This is Piki, the brilliant new teen drama on Māori Television, begins and ends with Snapchat-style screens. In the first, the titular protagonist Piki smiles shyly, jokes about her lack of followers and alternates between earnestness, vulnerability and bravado the way teens naturally do.
By the episode's end she's collapsed in her bedroom, feeling an unbearable loneliness, and the Snapchat caption yearns for an absent - presumably dead - mother, who never will fill that void.
Hinerauwhiri Paki plays Piki Johnson and is shockingly good, a newcomer both assured and capable of brilliant subtlety. Johnson has recently moved to Rotorua, where she lives with her boozy nana and attempts to find a way to live and be and grow up. The Kapua family run a local kapa haka group for tourists, and Johnson - playing a role which mirrors her real life job - works alongside the family's children on stage and at the parents' direction.

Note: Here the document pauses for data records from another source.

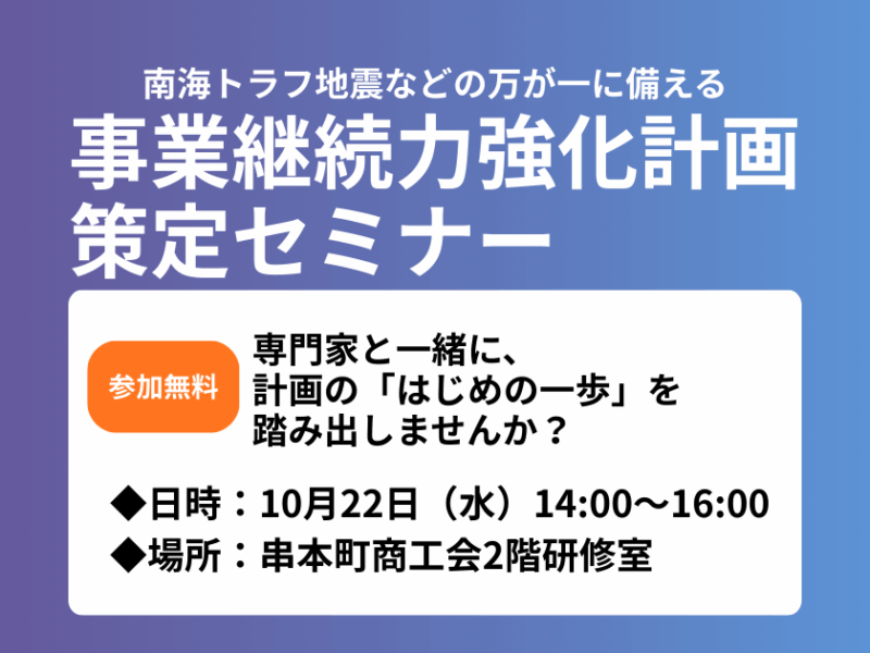 続きを読む【10/22開催】事業継続力強化計画(ジギョケイ)の策定でお悩みの串本町事業者様へ。専門家が基本から解説する無料セミナーです。補助金活用も学べます。お気軽にご参加ください。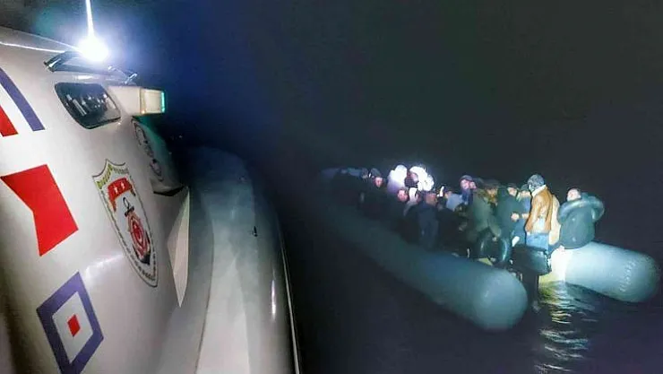 Datça ilçesi açıklarında devriye görevi yürüten Sahil Güvenlik Botu tarafından denizde hareket halindeki lastik bot durduruldu. Lastik bot içinde 42 düzensiz göçmen yakalandı.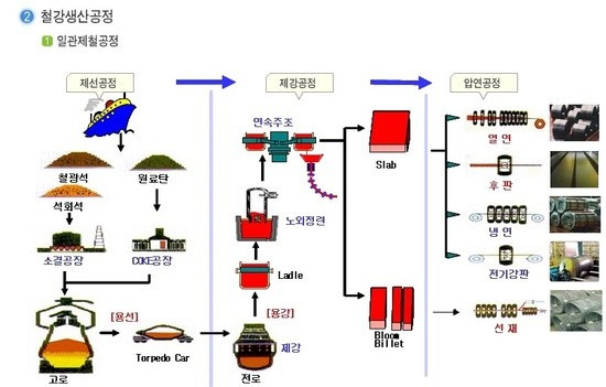 이상의 제철 공정을 요약하면 다음 계통도와 같다.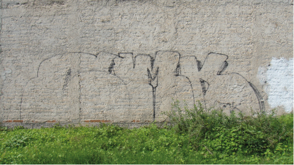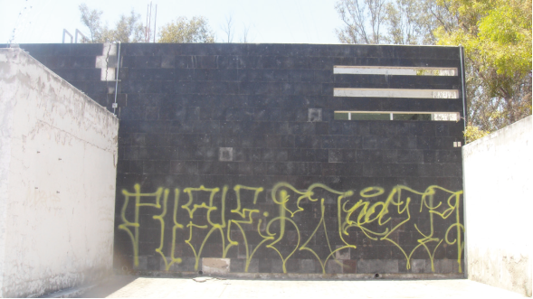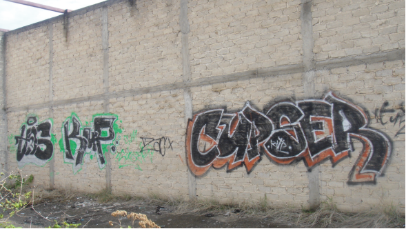 La mayoría son del tipo tag. Debido a su enorme cantidad, decidimos fotografiar solamente una muestra. Su forma varía (de lo legible a lo cifrado), al igual que el color (blanco, negro, verde, azul, principalmente) y el tamaño (pequeño y mediano; pocos grandes). El contenido es “tradicional”, lo que significa que versan sobre apodos o nombres de quienes los hacen o los que pertenecen a determinado crew, barrio o pandilla (Imágenes 2 y 3). Algunas pocas firmas se acompañan de la imagen de una corona de rey o el número 13. Tienden a agruparse en algunas bardas y, en general, las firmas no están encimadas con otras o tachadas por otros grafiteros.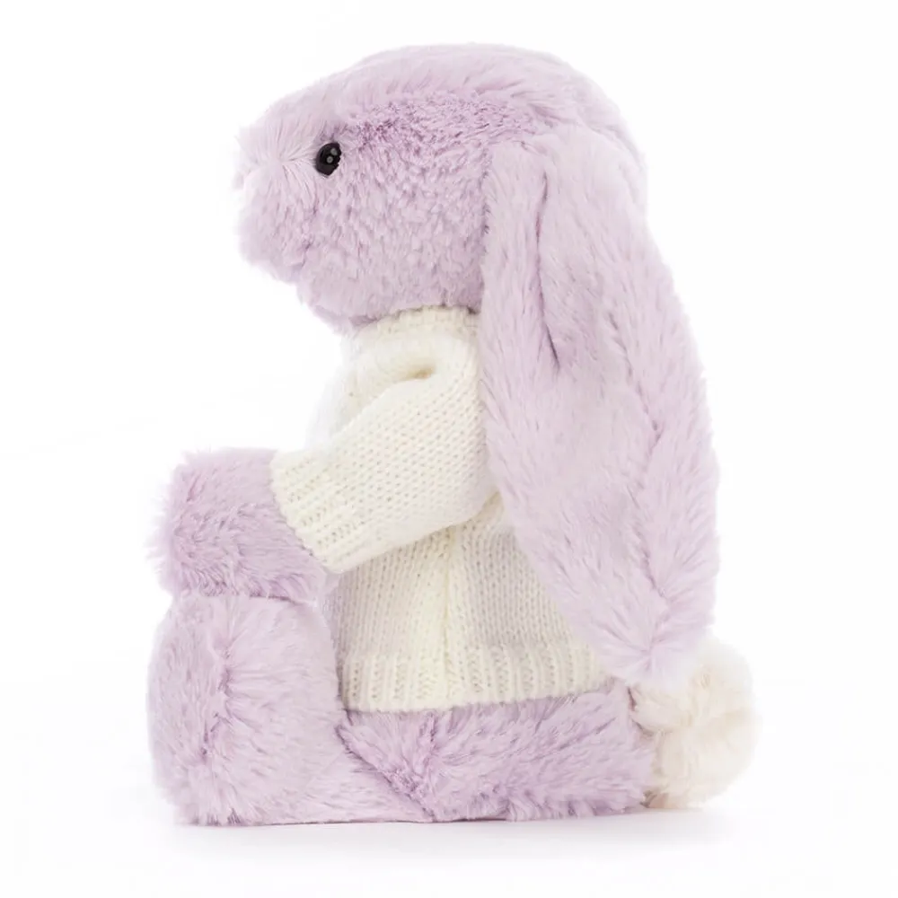 Jellycat Bashful Lilac Bunny with Personalised Cream Jumper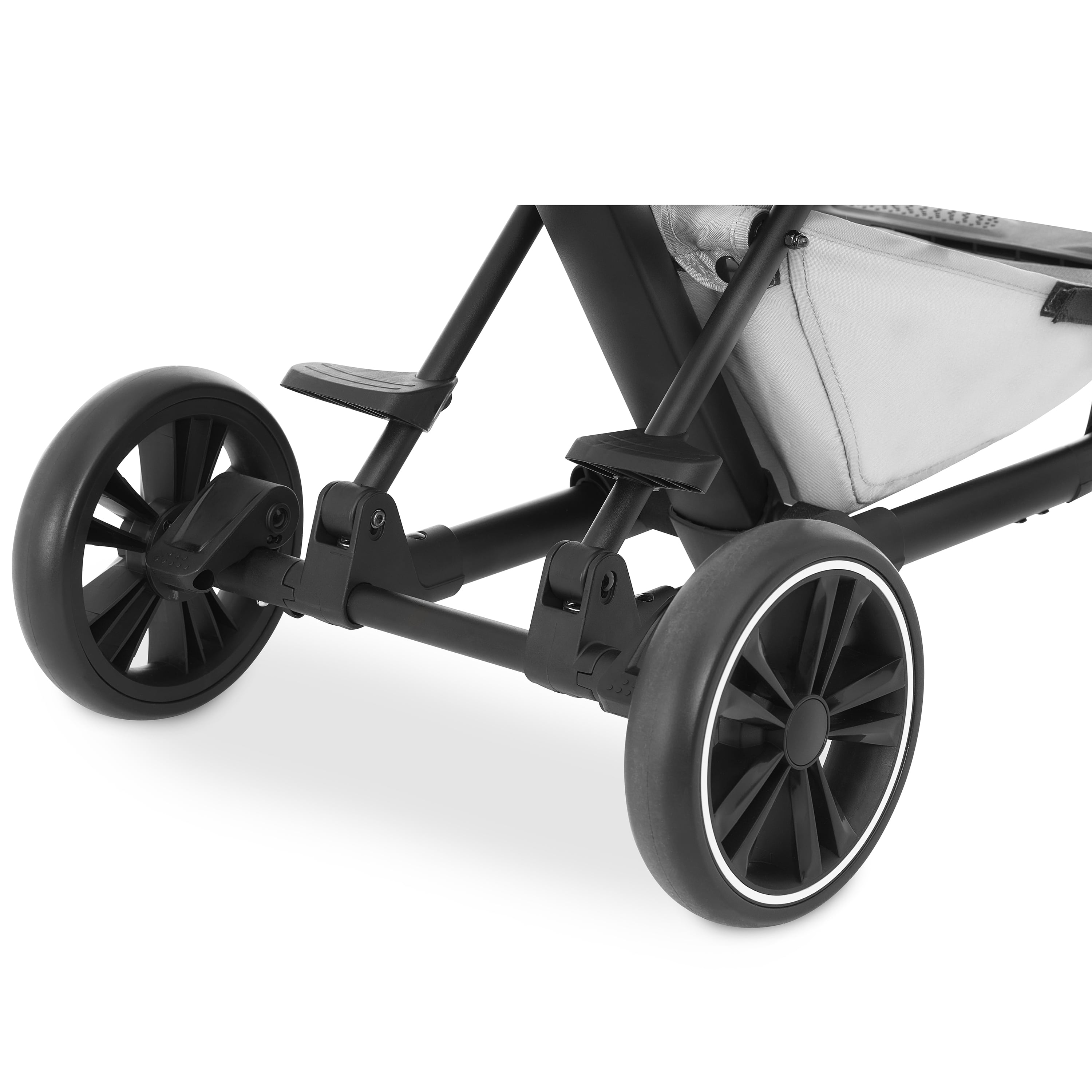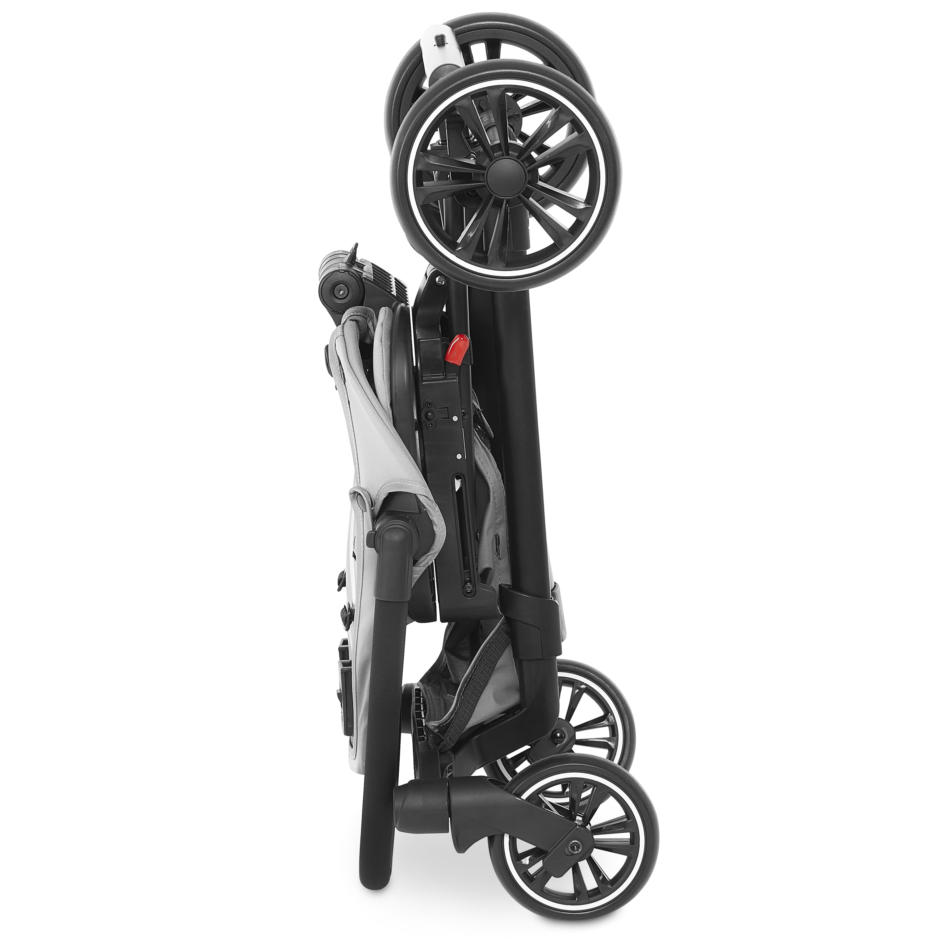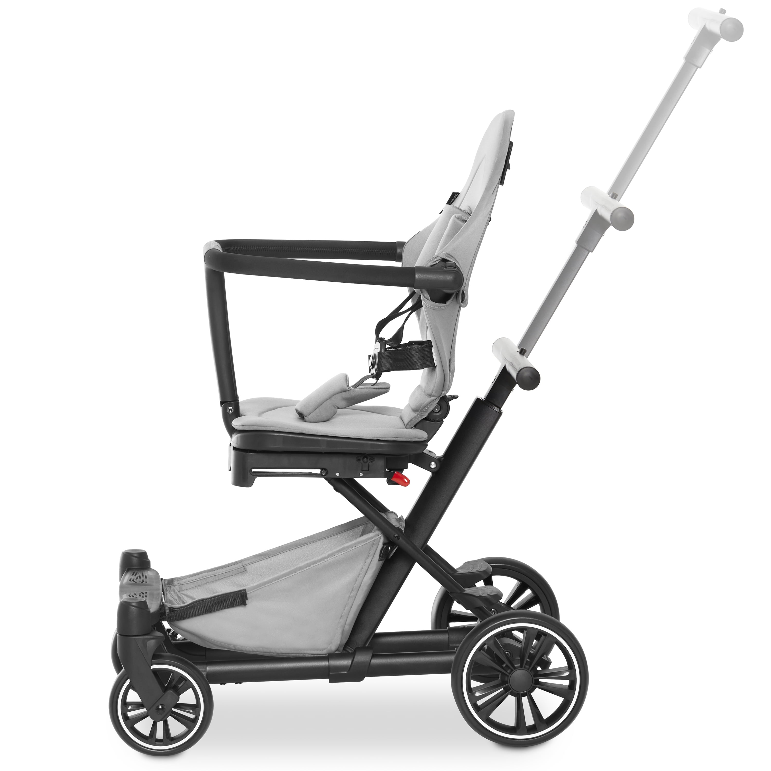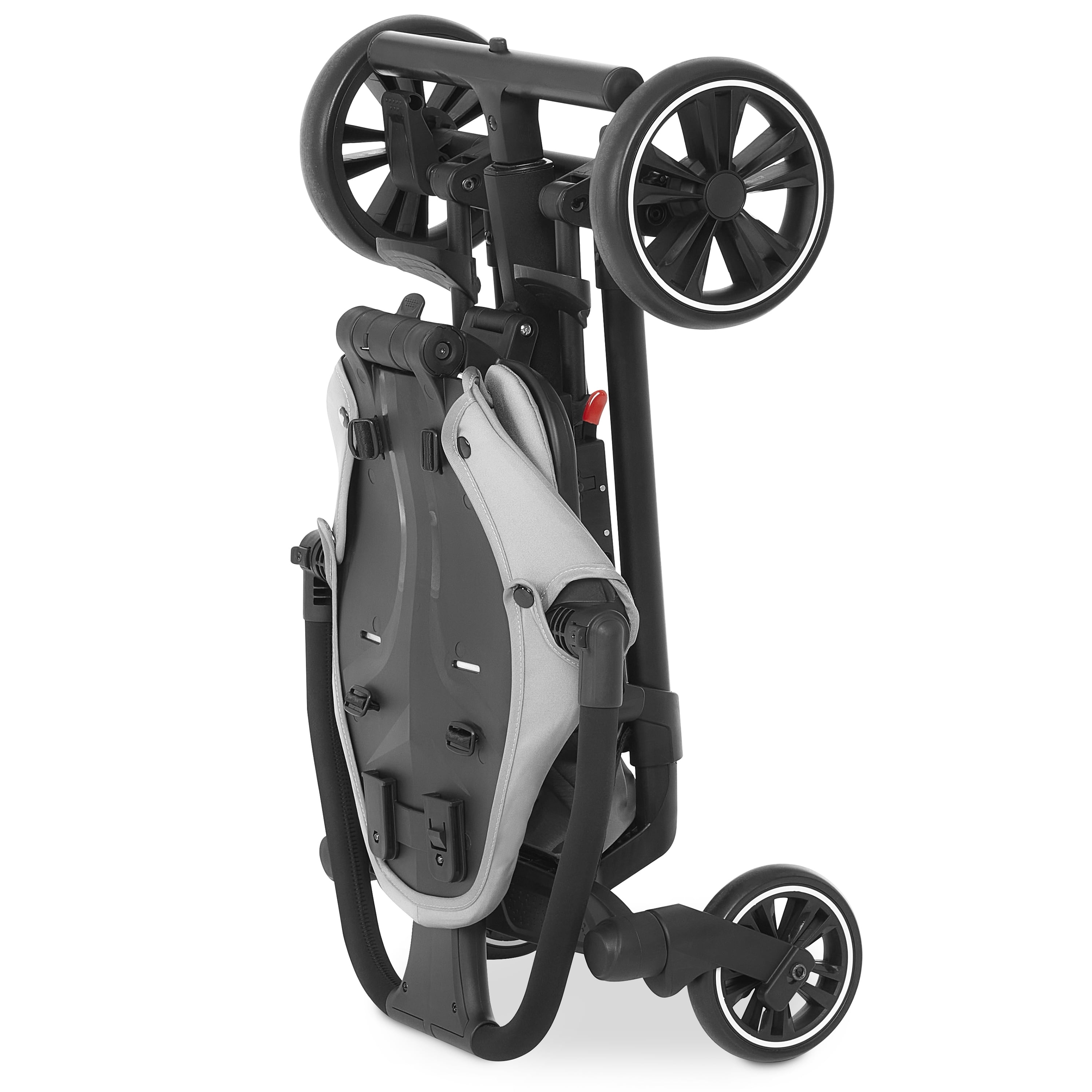 360-angle rotation seat makes it easy for little one to face you or the world. Lightweight and sturdy Aluminum frame. Waterproof Fabric seat cover. Folds inward like a book with just one hand. Soft Ride wheels for less pushing effort and comfortable for child. Can be used as a sit-down scooter. Included canopy to protect from harmful rays. Wipe clean with mild soap and water if needed. Folded dimensions: 28 x 16.5 x 9.5″.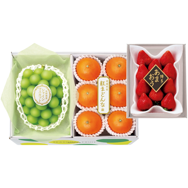 「あかい」「まるい」「おおきい」「うまい」の頭文字に由来する博多あまおうと、ゼリーのようになめらかな果肉が特徴の紅まどんな、皮ごと食べられるシャインマスカット。人気のフルーツをセットにしました。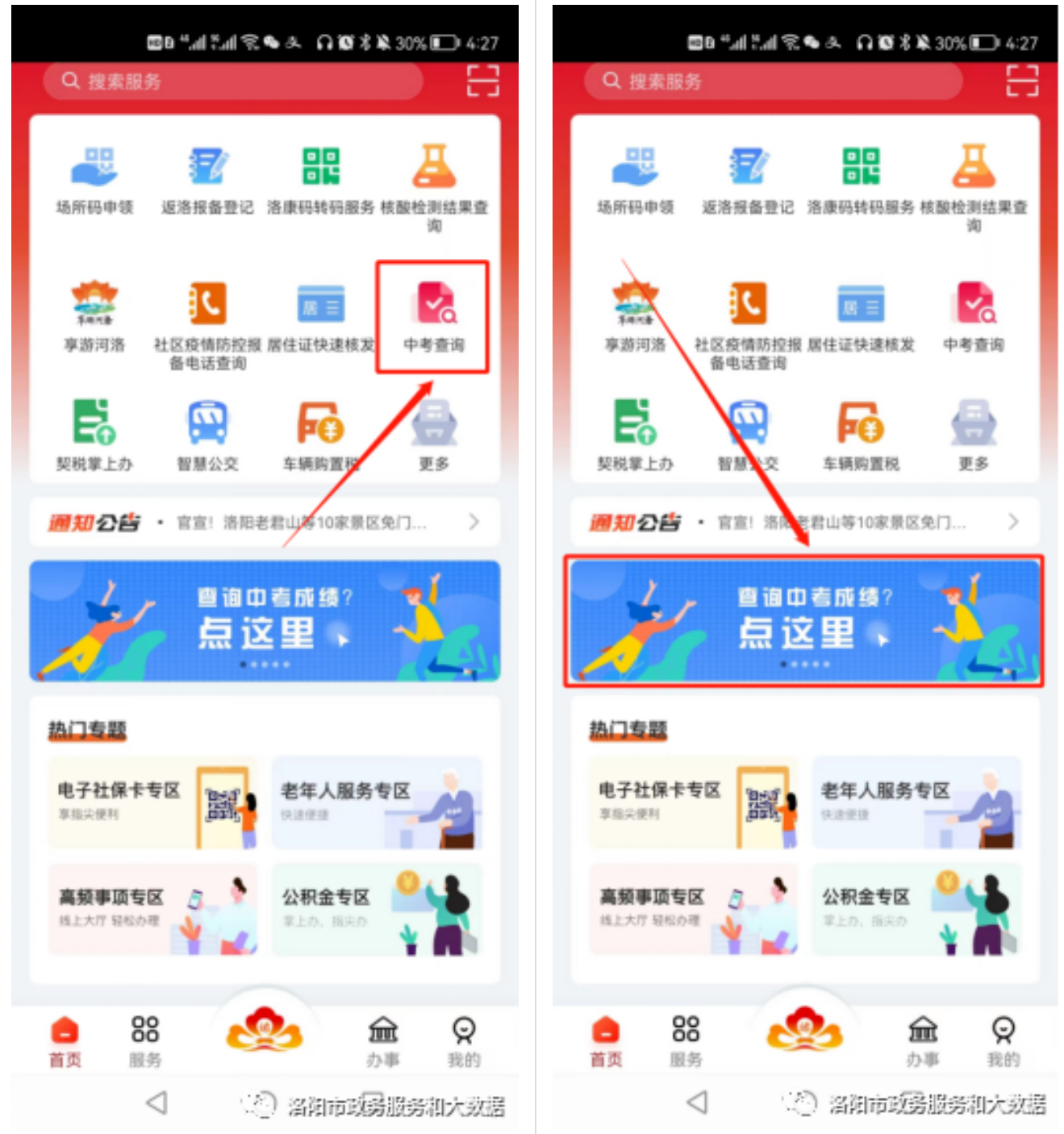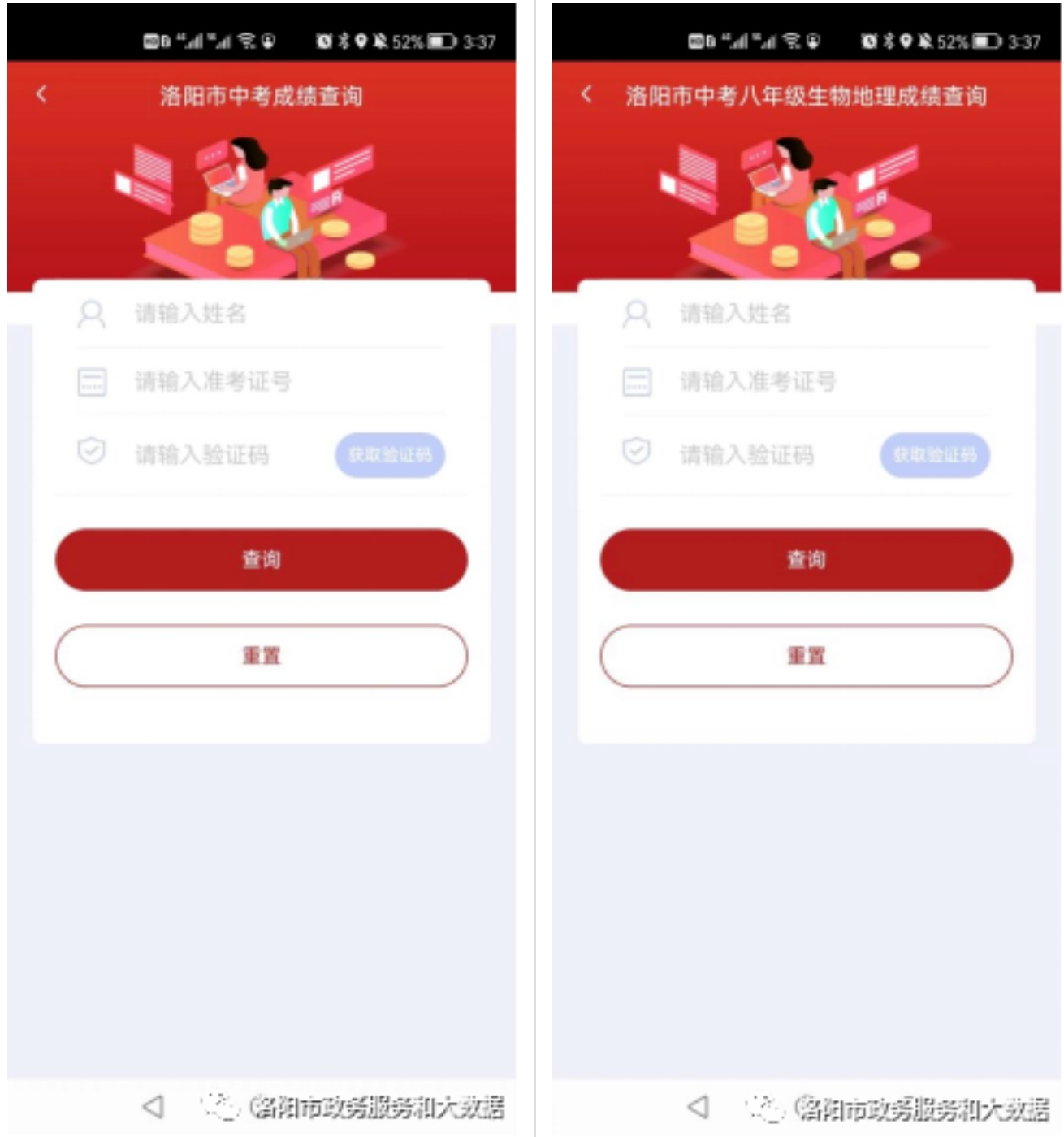 初二、初三考生均可关注洛阳市教育局微信公众号输入姓名、准考证号查询。(所查询成绩不含政策加分)

The latter are the thinnest characters on This is Piki, a stern patriarch and indulgent matriarch. That those cliches are common enough in real life doesn't prevent them from feeling under-developed. But the adults are really bit-players in a show which is all about the teenagers and young people around whom the plot pivots. They speak in an endearing mix of te reo and English - "I could help him find his taiaha," says one with a filthy laugh - which even Paki acknowledged as ringing somewhat false in an interview: "I don't know anybody who talks like that."